Friday, July 17, 2009

Hypotension?

I hate to be a Debbie Downer and keep dwelling on the negative, I just honestly want to feel better though...
I have seen so many doctors in the past year - so many that I don't even have enough fingers to count them all, so I gave up. I have been told that I have Addison's Disease, Hypotension, chronic fatigue, extraordinarily low BP, orthostatic hypotension, the simple case of being a 'New Mommy', and so many other little things... Every doctor seems to have their own opinion, and none of them seem overly concerned. When my BP is 80/46 - Last time I went to the doc - they responded, 'Oh, it is good to have low blood pressure.' Really? even if it is constant, even when I was prego it was low, and the funny thing is that I can never get enough salt and that is supposed to raise your bp!
Seriously, I can see how it can be a culmination of things (it doesn't help, with all of the changes that have gone on this past year...) but I am sure that there is a core issue that is not being treated here. Daily dizziness, fatigue, and faintness are no fun, and have to be the result of something that is going on deeper, right?! Can someone just please start taking it seriously, because it is getting irritating!
So, I have taken the liberty of trying to advocate for myself, by seeking a diagnosis- not the best idea, I know, considering I have no medical education - So, I have been looking up my symptoms.
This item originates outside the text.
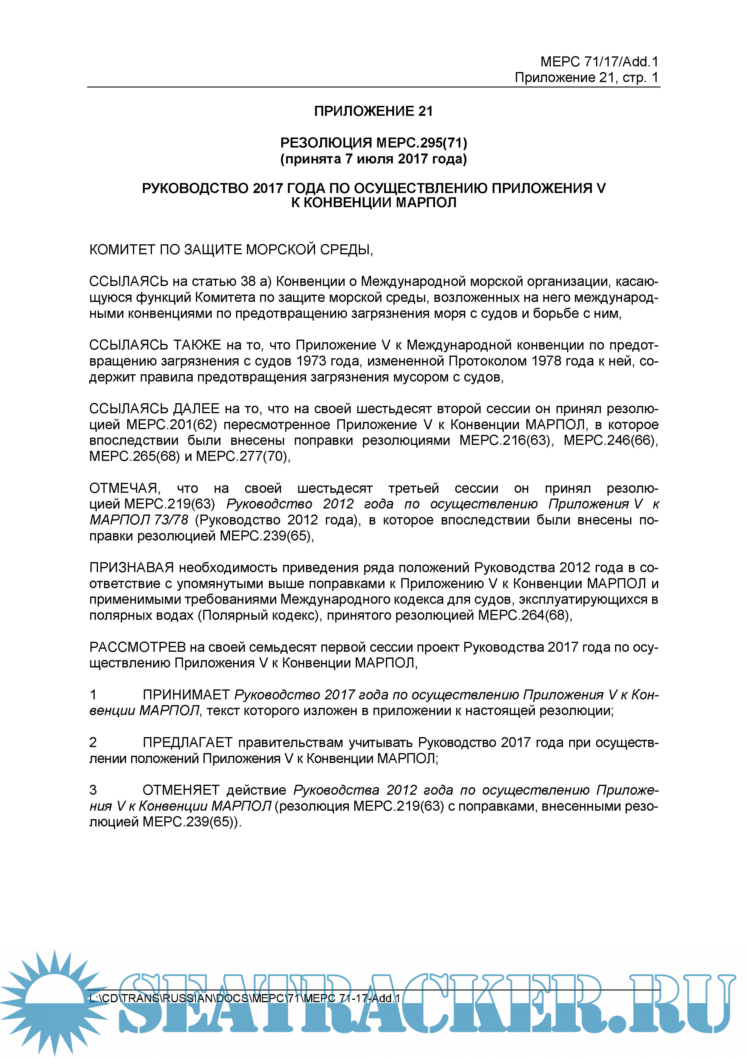 Год выпуска: 2017 Язык: русский Автор: ИМО. Комитет по защите морской среды (КЗМС) Жанр: Руководство Формат: PDF Качество: Неизвестно Количество страниц: 35 Описание: РУКОВОДСТВО 2017 ГОДА ПО ОСУЩЕСТВЛЕНИЮ ПРИЛОЖЕНИЯ V К КОНВЕНЦИИ МАРПОЛ Комитетом по защите морской среды (КЗМС) были приняты новые Резолюции (MEPC) в отношении поправок к Международной конвенции по предотвращению загрязнения с судов 1973 года (МК МАРПОЛ). В частности приняты поправки к Приложению V, которые вступают в силу с 1 марта 2018 г. (резолюция МЕРС.277(70), резолюция МЕРС.295(71)). РЕЗОЛЮЦИЯ MEPC.295(71) (принята 7 июля 2017 года) РУКОВОДСТВО 2017 ГОДА ПО ОСУЩЕСТВЛЕНИЮ ПРИЛОЖЕНИЯ V К КОНВЕНЦИИ МАРПОЛ ПРЕДИСЛОВИЕ Главные цели настоящего Руководства заключаются в оказании помощи: .1 правительствам в разработке и введении в действие национального законодательства, обеспечивающего осуществление Приложения V к Конвенции МАРПОЛ; .2 собственникам, операторам, экипажам судов, грузовладельцам и изготовителям оборудования в соблюдении требований, изложенных в Приложении V к Конвенции МАРПОЛ и соответствующем национальном законодательстве; и .3 операторам портов и терминалов в оценке и удовлетворении потребности в достаточных приемных сооружениях для мусора, образующегося на судах всех типов. В целях обеспечения единообразия правительствам предлагается обращаться к настоящему Руководству и связанным с ним рекомендациям Международной морской организации при разработке и обеспечении исполнения соответствующих национальных норм. Английский язык является одним из официальных и, в отличие от русского, рабочим языком ИМО. По этой причине, в случаях каких-либо разночтений, предпочтение должно отдаваться тексту на английском языке (ссылка

All of the issues I deal with really seem symptomatic of Hypotension of some sort...
Anyway, I am going to go and see a pulmonary sleep specialist to see if maybe I have some sleeping problems, because I am so exhausted all of the time, even if I get plenty of sleep, hopefully the sleep study will reveal something!

1 comment:

Amanda Stombaugh said...

After reading your link on Hypotension, that does sound right! Maybe you do need to be treated for that. I'm sorry that you've gotten the run-around from all those docs. That must be really frustrating. But I'm proud of you for taking the matter into your own hands!